Vice President Biden:Weekly Address: Tuition-Free Community College

Source: White House

In this week’s address, the Vice President laid out his and the President’s plan to make two years of community college free for responsible students.

Access to higher education has a tangible impact on a student’s success: Those with an associate’s degree earn 25% more than folks who graduated high school, and those with a four-year degree make 70% more. Not only that, but a better educated citizenry is necessary to ensure that the United States continues to out-compete the rest of the world.

Making two years of community college free is good for workers, good for companies, and good for our economy.
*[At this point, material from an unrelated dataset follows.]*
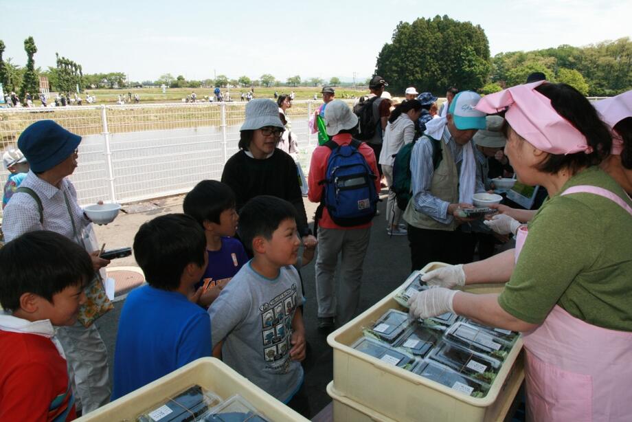 豚汁と一緒に田んぼアート米を使用したおにぎりが参加者に配られました。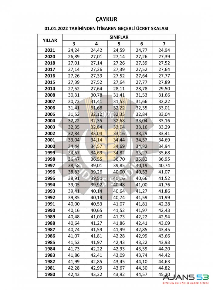 01.01.2022 tarihi itibarı ile yeni saat ücreti skala tablomuz ile sosyal maddelerimizdeki zamlı ücretleri gösteren tablo ektedir.

And this proposal is part of the President’s broader vision for middle-class economics: that everybody who works hard deserves their fair shot and the chance to get ahead.



Read more: https://www.whitehouse.gov/blog/2015/04/11/weekly-address-tuition-free-community-college



Transcript
https://www.whitehouse.gov/the-press-office/2015/04/10/weekly-address-tuition-free-community-college

Ladies and Gentlemen, this is Joe Biden and I’m here filling in for President Obama, who is traveling abroad.

And I’m here with a simple message: middle-class economics works.

(snip)
If two years of community college are free—and credits can transfer to a four-year university—that means the cost of a four-year degree will be cut in half for a lot of working families struggling to send their children to college, qualified children.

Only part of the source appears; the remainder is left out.